Brazil's Inflation Tops Estimates in February to Highest Monthly Figure in A Year

  • Brazil's consumer prices rose slightly more than expected in February, reaching the highest monthly figure in one year driven by increased education prices, government statistics agency IBGE (Brazilian Institute of Geography and Statistics) said on Tuesday, March 12.
  • Inflation, measured by the IPCA (Extended National Consumer Price) index, was at 0.83% last month, while economists polled by Reuters expected 0.78%. This monthly figure was the highest since February last year, when it had registered inflation of 0.84%.
  • Education prices rose 4.98% in the month and was responsible for 0.29 percentage points of the data, as schools and universities hike tuition fees at the start of the year. Food and beverage prices also contributed to the results, IBGE said.

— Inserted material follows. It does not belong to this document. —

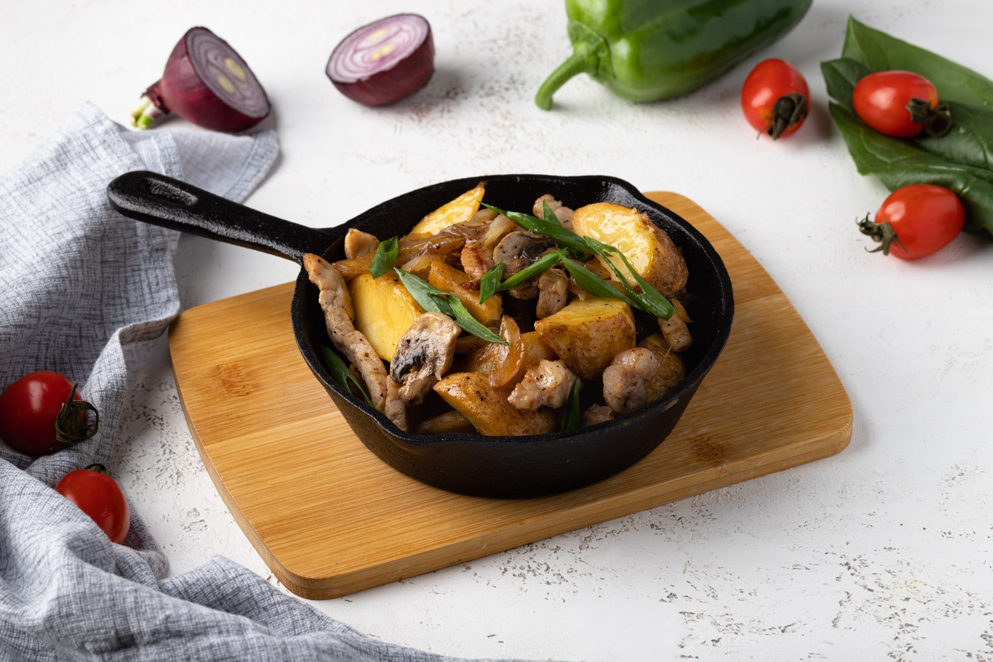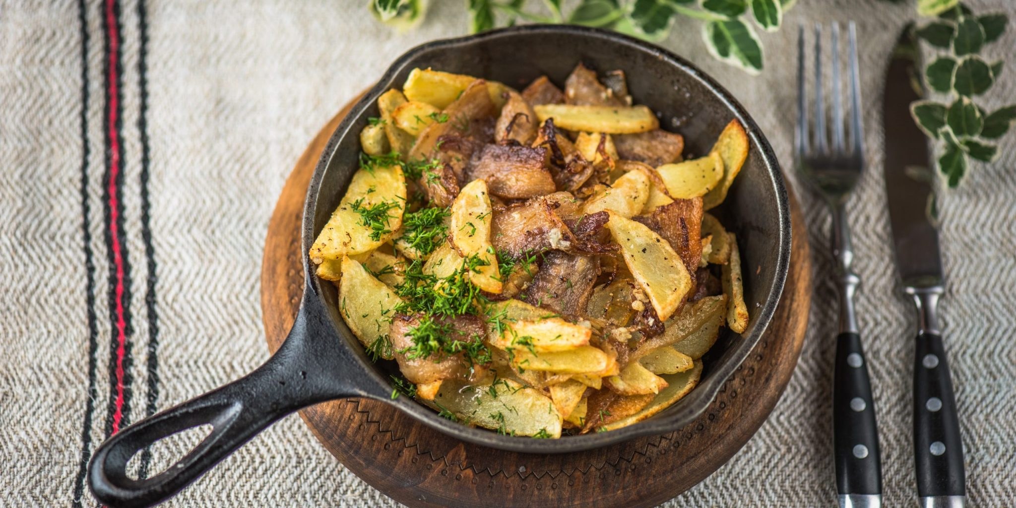 Картошка с мясом и грибами на сковороде

  • Notwithstanding, the 12-month headline inflation came in at 4.50%, slowing down from the 4.51% registered in January, but above the 4.44% expected by economists.
  • The monetary policy committee of Brazil's central bank will meet next week to set its benchmark interest rate, which currently stands at 11.25%, after the authority kicked off its easing cycle in August with a 50-basis-point cut after nearly a year of unchanged rates at a six-year high of 13.75%.
  • "There's not enough in this inflation release to make the central bank rethink the 50 bps cuts that it has signalled at the meeting next week and the subsequent meeting in May," said William Jackson, Chief Emerging Markets Economist at Capital Economists. "But if core inflation remains elevated, we think Copom will shift to smaller 25 bps cuts around mid-year," he added.